A large number of positive cases were detected from the drungkhag following a mass sweeping of the community. Two weeks after the community was placed under a lockdown, the second round of mass testing began yesterday. 

Based on the results of the testing, unlocking of the villages within the drungkhag would be considered. Dr Tshokey said that there was an opportunity for the ‘green and yellow villages’ to open up if none tested positive. 

The drungkhag has been categorised into three zones — green, yellow and red villages. The green villages are those where there are no cases or primary contacts, yellow villages have certain exposure with the positive cases or their contacts but no positive cases, and the red villages are those with cases and their contacts.

More than 5,000 people would be tested in the drungkhag during the next six days starting from the green villages, said the microbiologist. “Besides children below the age of five, every individual will be tested this time. Based on the results, we can consider relaxations in the villages.”    

 

Urban vs rural lockdowns     

Dr Tshokey explained that compared to the lockdowns in the urban centres, it was much-relaxed in the rural settings. “Even within the red villages, the lockdown is less intensive, meaning that the people there can come out of their homes and do their regular chores within their compounds.”

This, however, does not mean that the individuals are allowed to mingle with other families within the village. “We cannot practically lockdown a village completely. Imagine if this had happened during the harvest season. People would be locked inside and their crops would rot in the fields.”

Dr Tshokey said that considering all the practicalities, the task force and TAG decided to allow certain relaxations even during the lockdown but with strict protocols in place. “We have never really considered a separate protocol for rural settings as the focus so far has been only in the urban centres and in the bordering towns.”

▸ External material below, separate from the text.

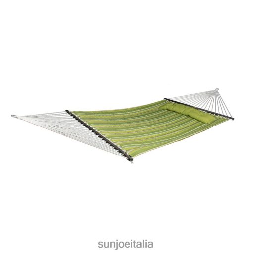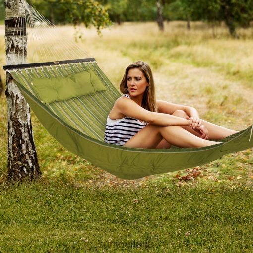 - costruzione superiore: realizzata con un tessuto olefinico facile da pulire, idrorepellente, protetto dai raggi UV e resistente ai colori. il letto trapuntato dell’amaca ha un esclusivo punto a doppia S che aiuta l’amaca ad adattarsi al tuo corpo permaggiore comfort mantenendo il riempimento in posizione. la resistente corda in poliestere da 6 mm si estende dalle barre di sollevamento alle estremità e resiste alle intemperie

However, some of the residents said that with the onset of the weeding season, they were concerned about the crops. One of them said that the officials on duty did not allow them to visit or work in their fields.

Jomotsangkha Drungpa, Lamdrak Wangdi, said that in line with the recommendation from the task force and the TAG, people even during the current lockdown, were allowed to come out of their residence and take a walk or work within their compound. 

He said that even some of the positive cases who were asymptomatic were allowed to come out and work in fields near the isolation facility. “These people are not sick and on their personal request, we allow them to work outside as they are already isolated from the rest of the community.”

The drungpa, however, said that the frontline workers did not allow people to travel out of their compound to go to their fields away from their homes. 

 

Status of the positive cases 

Dr Tshokey said that although more than 150 people have tested positive in the drungkhag, both young and old, no one has reported any severe symptoms so far.      

While the outbreak in Jomotshangkha was detected on May 21, Dr Tshokey said that the transmission could have started at least by a week or two before the detection of the first case. “Looking at the disease pattern, if there were any critical cases in the community it should have been picked up by now.”

He added that with the deployment of additional manpower including doctors, nurses, de-suups, and also medicines and medical equipment, the situation was under control for now in Jomotsangkha.     

“But this doesn’t mean we can relax because with Covid-19 we never know what could happen,” he said, adding that oxygen saturation was one of the most important aspects while dealing with Covid-19 patients. 

“Sometimes a patient may not show any signs or symptoms of respiratory distress and look normal physically, but he or she will collapse due to low oxygen level in their lungs. This condition is called silent hypoxia,” he said.    

In anticipation of such events, he said that oximeters (devices to measure oxygen level in the body), oxygen concentrators, and other basic medicines were dispatched to all the villages.

A pediatrician from Gelephu hospital and a medical specialist from the national referral hospital has been also stationed in the drungkhag to monitor the situation.